**TASK BRIEF:** For the records shown below, return an exact copy that excludes the pictures.

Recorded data
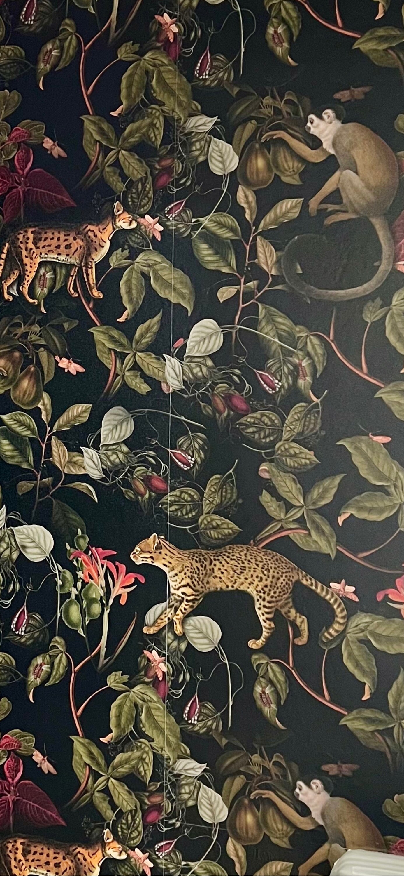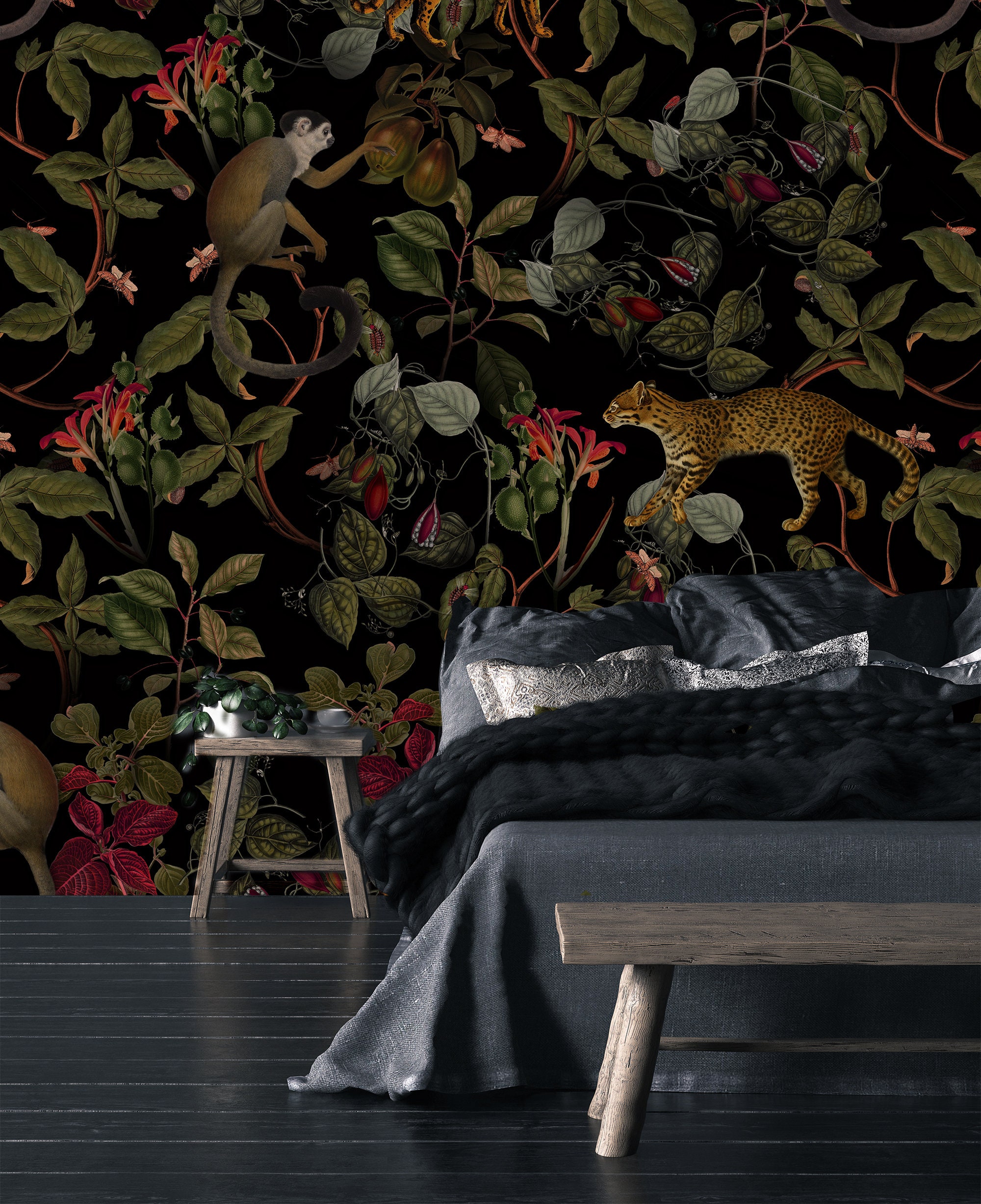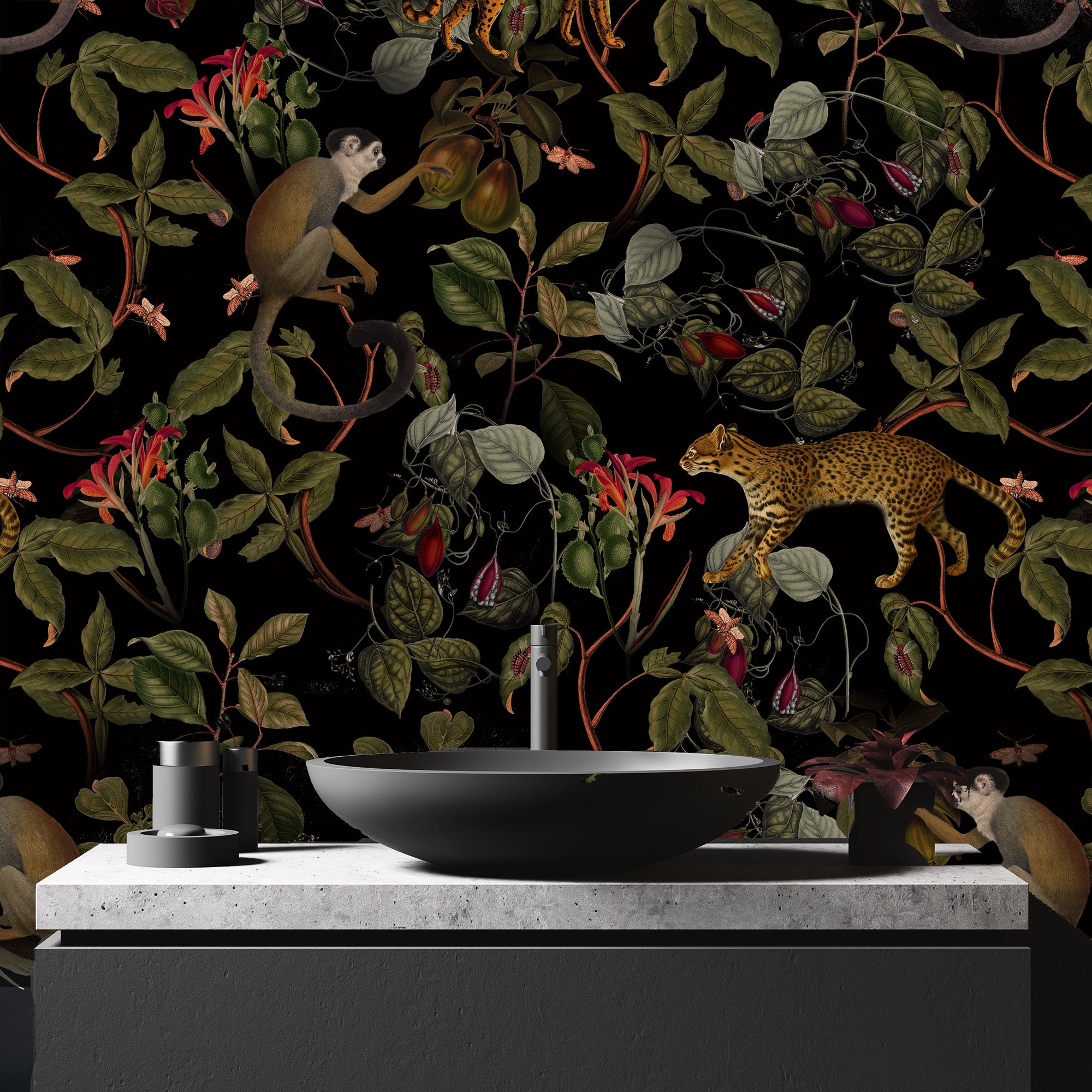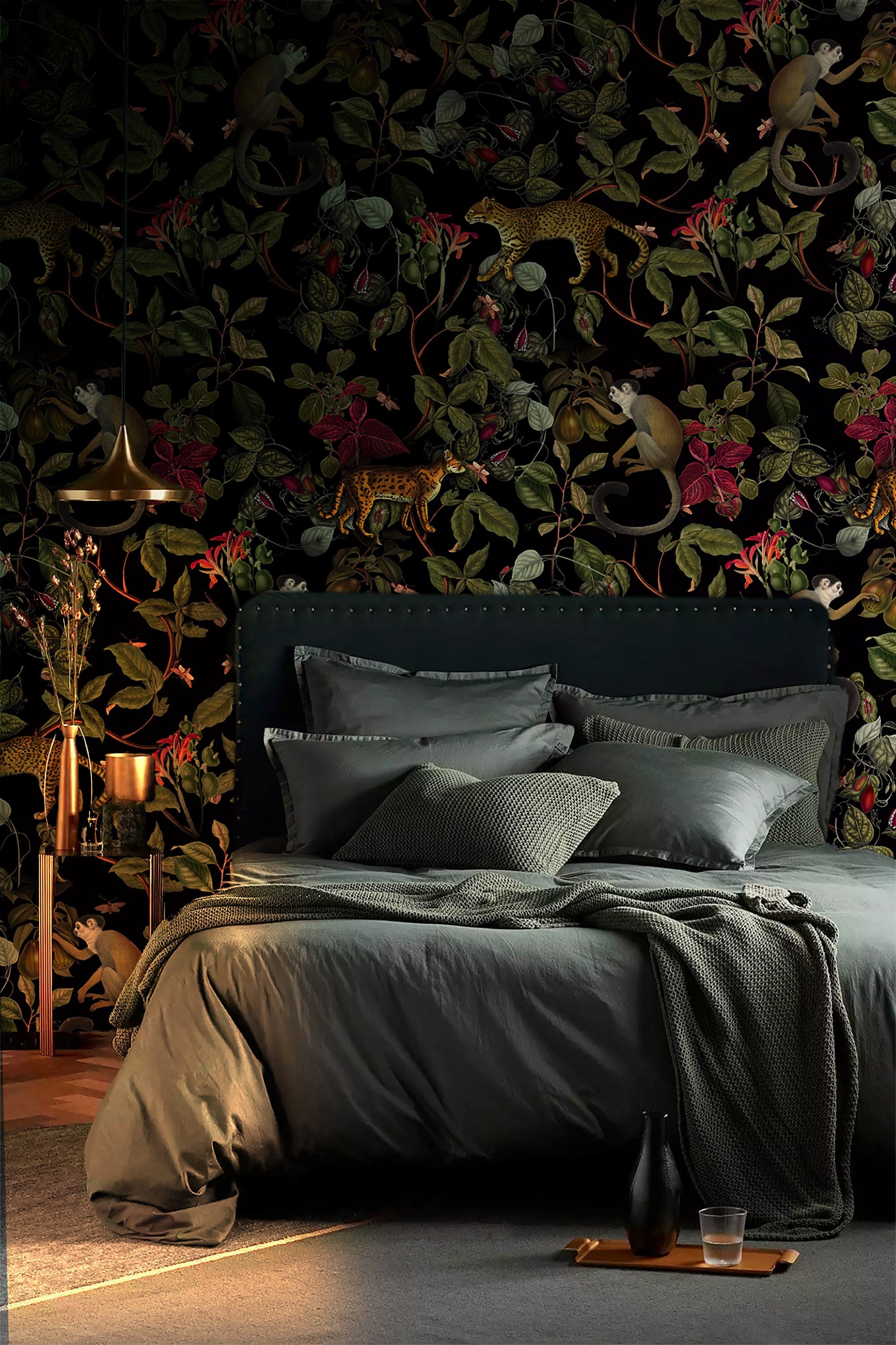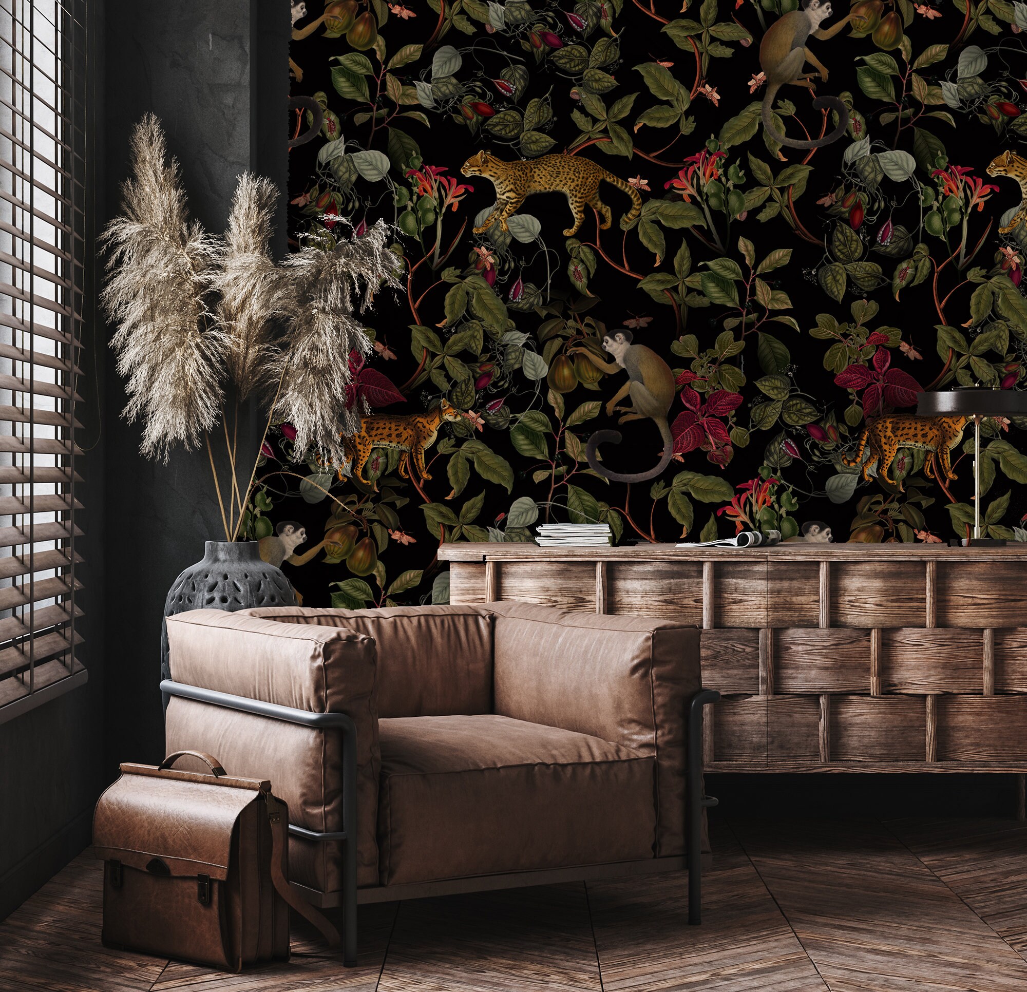 Introduce a touch of untamed beauty into your space with our mesmerizing Dark Botanic Wallpaper. This stunning design showcases the enchanting combination of cheetah and monkey motifs intertwined amidst a lush backdrop of leaves and vibrant red flowers. Its vintage appeal adds a timeless charm to any room, while the custom dark green nature pattern captivates with its vintage monkey and cheetah illustration. Experience the allure of the wild in your own home with this captivating and unique wallpaper design.
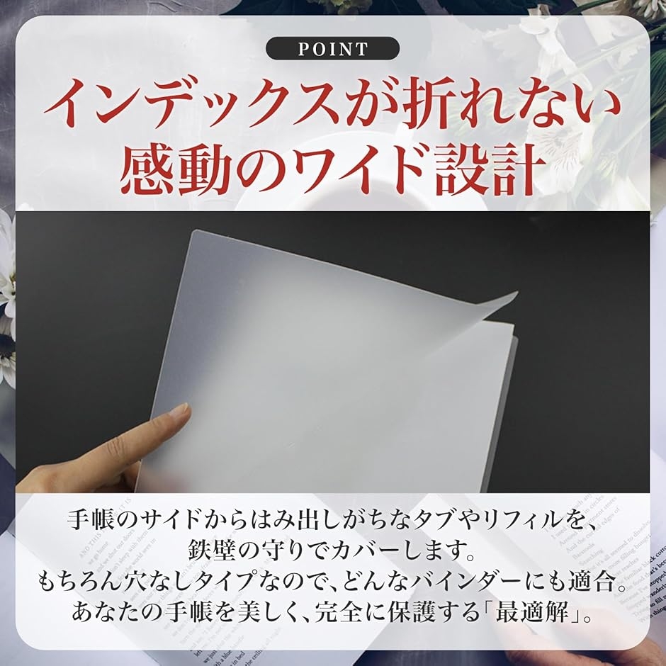 「インデックスまではみ出さない「正解」サイズ」「せっかくの表紙なのに、インデックスが飛び出して折れてしまった…」そんな経験はありませんか?本製品は、一般的な規格よりも横幅を広げたxx「ワイド設計」xxのプラスチックシートです。
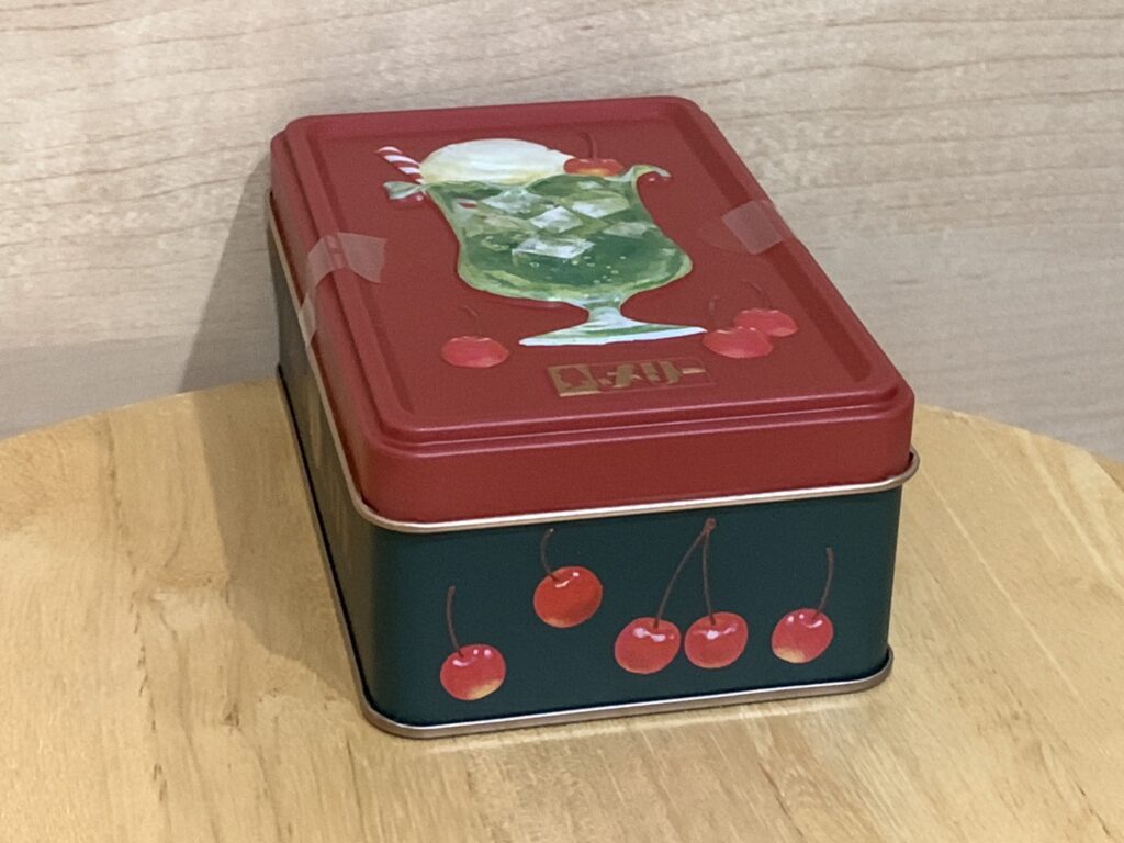 小さい缶の今年のデザインは、赤いふたに緑の容器。缶の側面にも、サクランボが描かれていてとてもかわいいです。
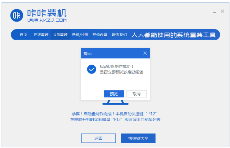 3、裝機軟件將會自動開始制作u盤啟動盤,完成后快速預覽需要安裝的電腦的啟動快捷鍵,再拔出u盤。
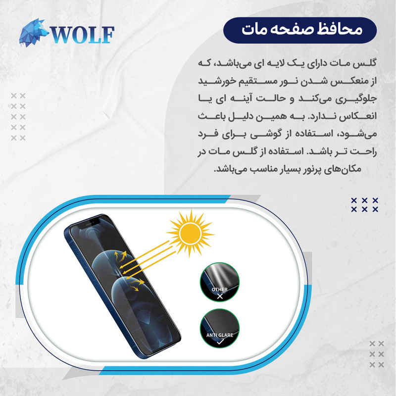 ویژگی‌ها : جلوگیری از انعکاس نور , قابلیت نصب آسان , مقاوم در برابر چربی و اثرانگشت , مقاوم در برابر خط و خش
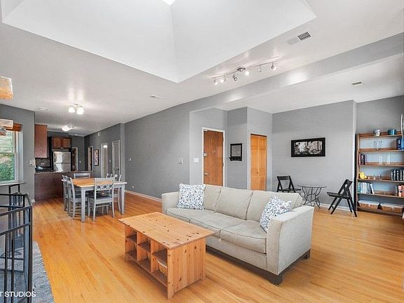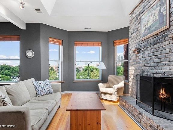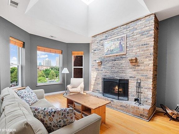 Welcome to your new home. This condo has it all! Top floor, with a skylights gives an abundance of natural light. Original brick & Stone fireplace for ambiance on those cold winter nights. Hardwood floors throughout. This unit is wider than the west units, and you also pick up extra space where the stairwell cuts into the 1st and 2nd floor units. Owner has put in new double-pained windows. Open floor plan with a nice sized dining room which separates the great living room and kitchen. Deck off the back for those lazy summer nights. Unit comes with laundry in the 1/2 bath. Unit also comes with an assigned Tandem parking spot in back for 2 cars. You can walk to the lakefront, Grocery Store, Wrigley field, and the nightlife, Red line, and busses pick up right outside. check out the 3D tour and also the Video. You will be delighted with this unit. INVESTORS OR FUTURE LANDLORDS: building allows leases as short as 30 days. Property will cash flow up to $550/Mo with 20% down and 10% ROI!!!

**EXERCISE ANSWER:**
 Introduce a touch of untamed beauty into your space with our mesmerizing Dark Botanic Wallpaper. This stunning design showcases the enchanting combination of cheetah and monkey motifs intertwined amidst a lush backdrop of leaves and vibrant red flowers. Its vintage appeal adds a timeless charm to any room, while the custom dark green nature pattern captivates with its vintage monkey and cheetah illustration. Experience the allure of the wild in your own home with this captivating and unique wallpaper design.
 「インデックスまではみ出さない「正解」サイズ」「せっかくの表紙なのに、インデックスが飛び出して折れてしまった…」そんな経験はありませんか?本製品は、一般的な規格よりも横幅を広げたxx「ワイド設計」xxのプラスチックシートです。
 小さい缶の今年のデザインは、赤いふたに緑の容器。缶の側面にも、サクランボが描かれていてとてもかわいいです。
 3、裝機軟件將會自動開始制作u盤啟動盤,完成后快速預覽需要安裝的電腦的啟動快捷鍵,再拔出u盤。
 ویژگی‌ها : جلوگیری از انعکاس نور , قابلیت نصب آسان , مقاوم در برابر چربی و اثرانگشت , مقاوم در برابر خط و خش
 Welcome to your new home. This condo has it all! Top floor, with a skylights gives an abundance of natural light. Original brick & Stone fireplace for ambiance on those cold winter nights. Hardwood floors throughout. This unit is wider than the west units, and you also pick up extra space where the stairwell cuts into the 1st and 2nd floor units. Owner has put in new double-pained windows. Open floor plan with a nice sized dining room which separates the great living room and kitchen. Deck off the back for those lazy summer nights. Unit comes with laundry in the 1/2 bath. Unit also comes with an assigned Tandem parking spot in back for 2 cars. You can walk to the lakefront, Grocery Store, Wrigley field, and the nightlife, Red line, and busses pick up right outside. check out the 3D tour and also the Video. You will be delighted with this unit. INVESTORS OR FUTURE LANDLORDS: building allows leases as short as 30 days. Property will cash flow up to $550/Mo with 20% down and 10% ROI!!!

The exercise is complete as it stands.